Electric Field due to dipole - solution check

[Ivan Hu]

Homework Statement

Hi guys, my exam is in four days and my tutor for the electromagnetic module is neither very active nor very competent, so I would like you guys to check my solution for this question. I am afraid I might have messed up some signs or some linear algebra.

Homework Equations

All included in the solution.

The Attempt at a Solution

Thank you very much!

 

[kuruman]

Hi Ivan Hu and welcome to PF.

You should not double the potential energy $U=-\vec p\cdot \vec E~$ for the following reason: It costs no energy to bring in the first dipole from infinity because there is no electric field to begin with. When you bring in the second dipole, the work that you do to assemble the system is equal to the change in potential energy of the system from the initial value of zero to the final value $-\vec p\cdot \vec E$.

 

[Ivan Hu]

Thanks you kuruman for your answer. That makes sense. Is that the only mistake that you’ve picked up?

 

[kuruman]

Thanks you kuruman for your answer. That makes sense. Is that the only mistake that you’ve picked up?

Yes. I did not plug in the numbers. I assume you can double check these on your own.

 

[Matthew Strasiotto]

Hi Kuruman,
Thank you for answering Ivan's question!
I'm actually working on the same past paper (Well, a previous one, with identical parameters) and we've produced quite different results that I'd like to verify.
My answer for $\vec p \cdot \vec r$ was 0, given the two vectors are perpendicular, which produced a bit fat 0 for V, which basically propagated throughout the next few questions.
I can see that Ivan's done some stuff, and it looks like good math to me, but I don't know why my working would be wrong.

 

[Ivan Hu]

My answer for →p⋅→rp→⋅r→ \vec p \cdot \vec r was 0

That's because the dot product is not zero. You can see from my working that the r vector has an x and y component (the variables x and y respectively). The p vector has no x component but a y component of 6.2⋅10^-31.

 

[kuruman]

I can see that Ivan's done some stuff, and it looks like good math to me, but I don't know why my working would be wrong.

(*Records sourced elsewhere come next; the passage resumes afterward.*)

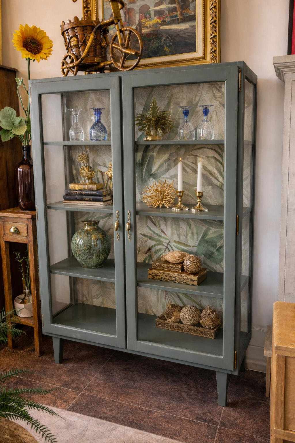 La Vitrina Lina es ideal para quienes buscan elevar la estética de su hogar con un diseño moderno y lleno de color. Rescatada para brillar, esta vitrina combina un tono azul en su exterior con un sorprendente fondo de motivos botanicos que aporta modernidad y frescura. Un mueble con alma, diseñado no solo para almacenar, sino para convertir tus objetos más preciados en una verdadera exposición de estilo.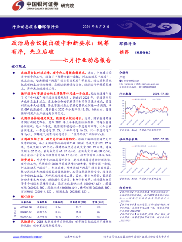 【银河证券】【20210802】环保行业七月行业动态报告:政治局会议提出碳中和新要求,统筹有序,先立后破-20页
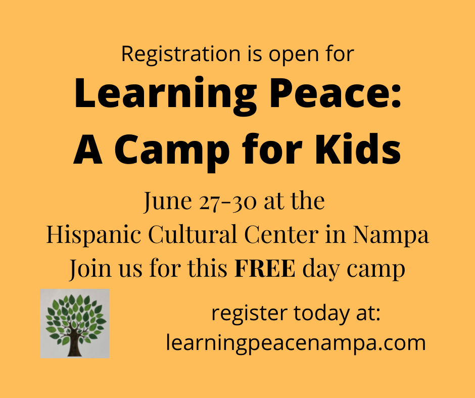 Registration is open for Learning Peace: A Camp for Kids. Camp will be June 27-30 from 9 AM-3PM at the Hispanic Cultural Center for youth ages 6-13. This day camp is FREE. Register at https://www.learningpeacenampa.com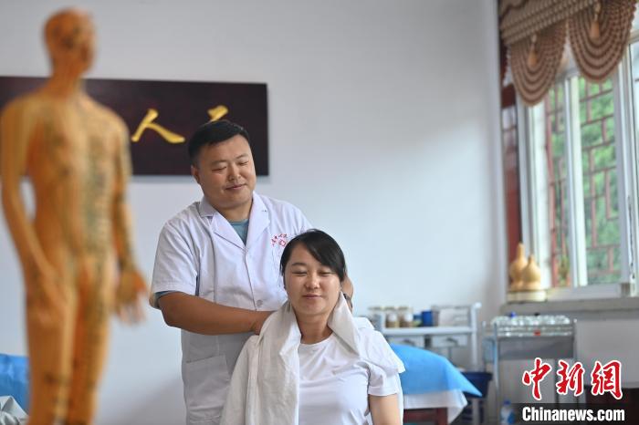 7月16日,甘肅省平?jīng)鍪徐`臺縣皇甫謐針灸康養(yǎng)館內(nèi),工作人員對患者進行推拿治療。2006年,靈臺皇甫謐針灸術(shù)入選第一批甘肅省非物質(zhì)文化遺產(chǎn)名錄。靈臺作為皇甫謐故里,當?shù)孛癖姺浅UJ可中醫(yī)康養(yǎng),針灸、拔火罐、推拿、葫蘆灸、火龍灸(督脈灸)等中醫(yī)特色療法受到了很多人的青睞,當?shù)毓俜揭餐ㄟ^舉辦大型節(jié)會等助推中醫(yī)康養(yǎng)產(chǎn)業(yè)發(fā)展。 皇甫謐是針灸醫(yī)學鼻祖,其《針灸甲乙經(jīng)》已在多個國家被廣泛傳播應用。  中新社記者 李亞龍 攝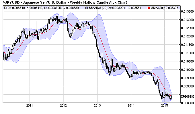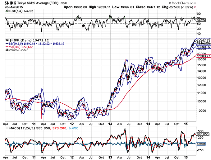 Beleidsmakers zijn echter bang, dat door het wegvallen van inflatie, de consumenten weer de hand op de knip houden in afwachting van betere tijden en dus lagere prijzen. Die houding is een van de voornaamste oorzaken geweest van de lange periode van deflatie, waar het land door is geteisterd. Dat gevaar lijkt reëel, want in april en mei gaan de prijzen voor elektriciteit en gas dalen. Dat zal de deflatoire spiraal alleen nog maar versterken. Voor centrale bankier Haruhiko Kuroda is de huidige trend aanleiding geweest om publiekelijk te verklaren, dat de inflatiedoelstelling voor 2015 niet gehaald zal worden. De markt gaat ervan uit, dat de Bank van Japan op korte termijn zal aankondigen het monetaire stimuleringsbeleid verder te intensiveren. Daarbij zoemt een maandelijks bedrag van $ 100 miljard rond. De aandelenbeurzen nemen hier al een voorschot op. Ze hebben in maart het hoogste niveau in meer dan 15 jaar bereikt!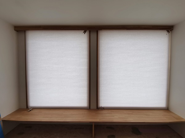 ↓南に面した部屋の窓には、ハニカムスクリーンを取り付けました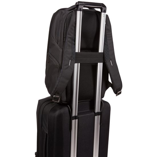 - Bezpečné zavěšení batohu na zavazadlo na kolečkách pomocí integrovaného pásu s otvorem.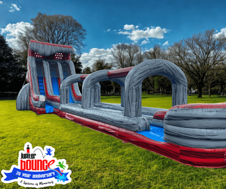Looking for a super cool water slide that stands out from all the palm trees and bright colors? The NEW Captain's Revenge is exactly what you need! It features a huge double lane slide with an extended slip n slide into a deep pool. It is perfect for adventurous elementary schoolers, preteens, teens, and adults to race down. This inflatable water slide is a fun activity to keep everyone entertained for hours. Explore the roaring seas on the 25' Captains Revenge Slide! Get back your stolen loot by sailing down the slide!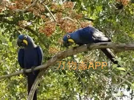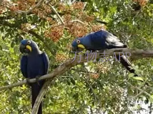 紫蓝金刚鹦鹉(学名:Anodorhynchus hyacinthinus):是鹦鹉家族中个头最大的成员,体长可达1米,体重超过1.5千克。鲜艳的蓝色羽毛和弯钩一样的巨大鸟喙使得它们格外惹人注目。喙钩曲,上颌具有可活动关节,喙基部具有腊膜。肌肉质舌厚,善仿其它鸟声和人语言。脚短,强大,对趾型,适于攀援生活。羽毛艳丽,具粉绒羽。晚成雏。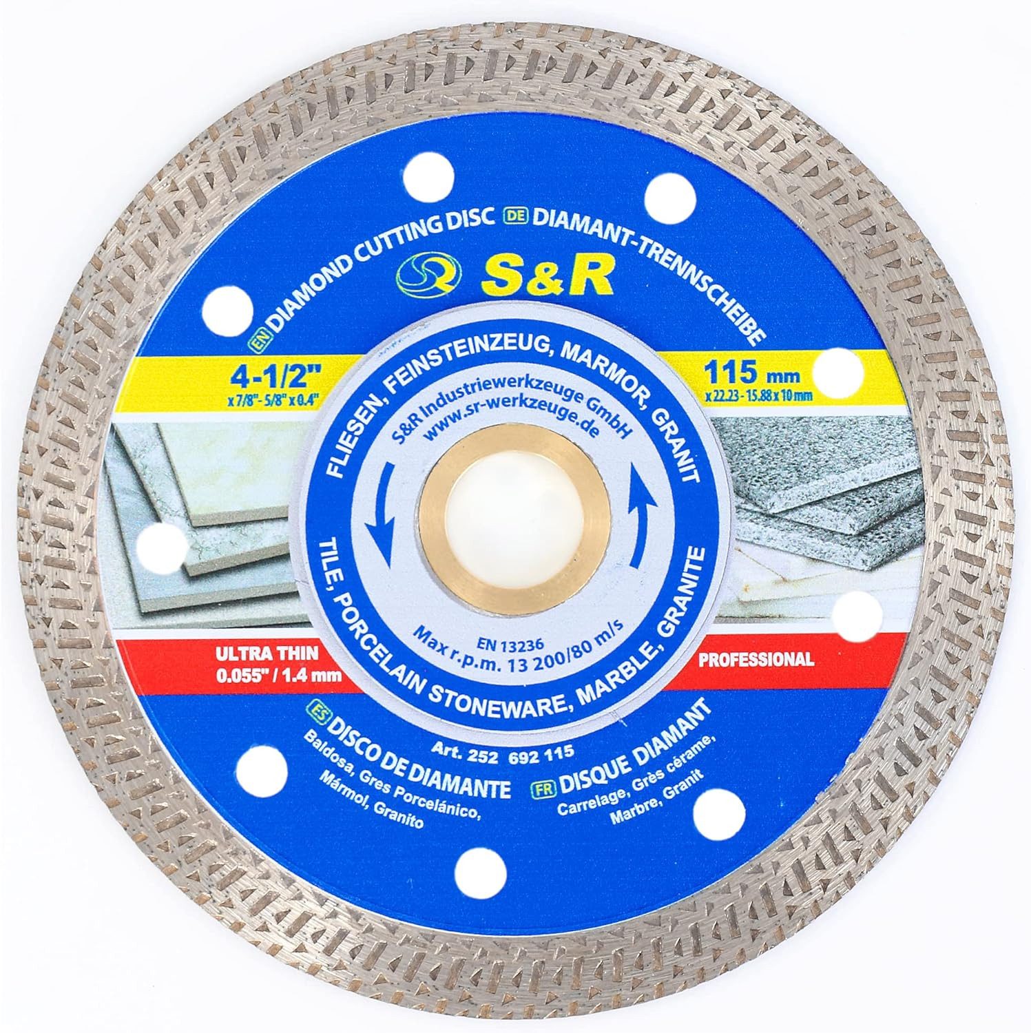 S&R Turbo Diamanttrennscheibe superdünn 115 mm / 7" - für Keramik, Keramikfliesen, glasierte Fliesen, Bodenfliesen, Feinsteinzeug, Porzellan, Marmor, Kacheln, Kalkstein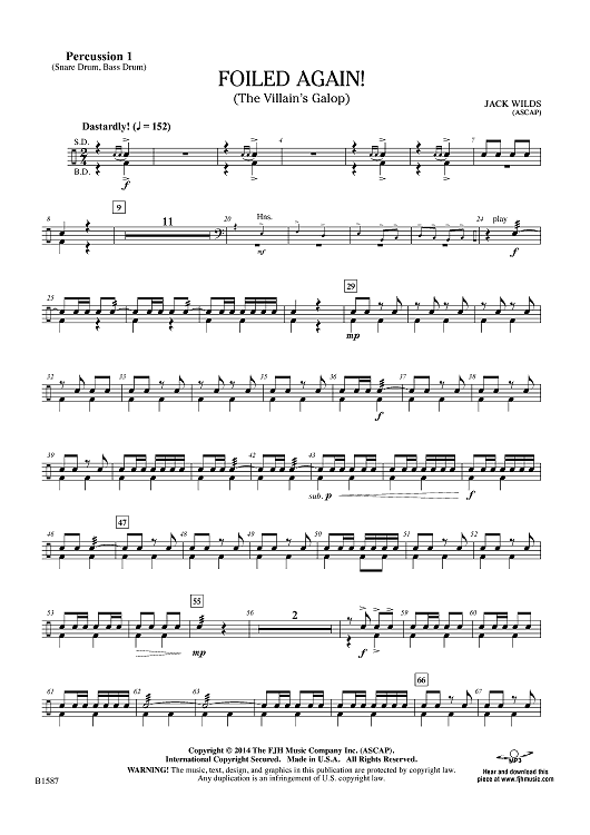"Foiled Again! (The Villain's Galop) - Percussion 1" Sheet Music by Jack Wilds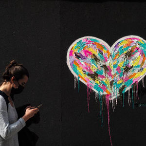 3月24日,行人从美国加利福尼亚州旧金山街头一处心形涂鸦旁走过。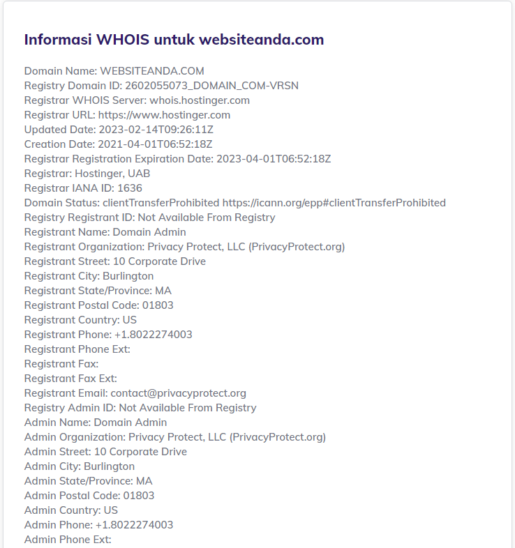 Kemudian, buka tool pencarian WHOIS dan masukkan nama domain Anda untuk mencari tahu apakah detail kontak Anda sudah disembunyikan. Kalau tidak ada informasi pribadi yang muncul, misalnya alamat email Anda, artinya layanan perlindungan privasi domain sudah aktif.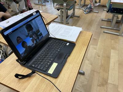 自宅でオンラインで授業を受けてくれている友だちもいます!2年2組では双方向通信で、先生が教室にいる友だちと同じようにオンラインの子にも問いかけたり、オンラインの子も発表したりと、うまく溶け合いながら授業を進めていました!

Please examine Ivan's working carefully. The y-component of the electric field $\vec E$ at the location of the dipole is the negative derivative of the electric potential $V$ with respect to $y$. Your mistake is that you found the value of $V$ at a specific point, so naturally when you tried to take the derivative to find the electric field, you got zero. No surprise there because the derivative of a constant is always zero. To handle this, first you need to find a general expression for $V$, then take the derivative to find a general expression for the electric field with $y$ as a variable and finally evaluate that expression at $y=0$. That was Ivan's approach.

 

[Matthew Strasiotto]

Please examine Ivan's working carefully. Your mistake is that you found the value of $V$ at a specific point, so naturally when you tried to take the derivative to find the electric field, you got zero. To handle this, first you need to find a general expression for $V$, then take the derivative to find a general expression for the electric field with $y$ as a variable and finally evaluate that expression at $y=0$.

Ivans approach makes plenty of sense - I tried to cut corners and got my comeuppance :D
Thank you for your rigorous breakdown - I believe I have it now.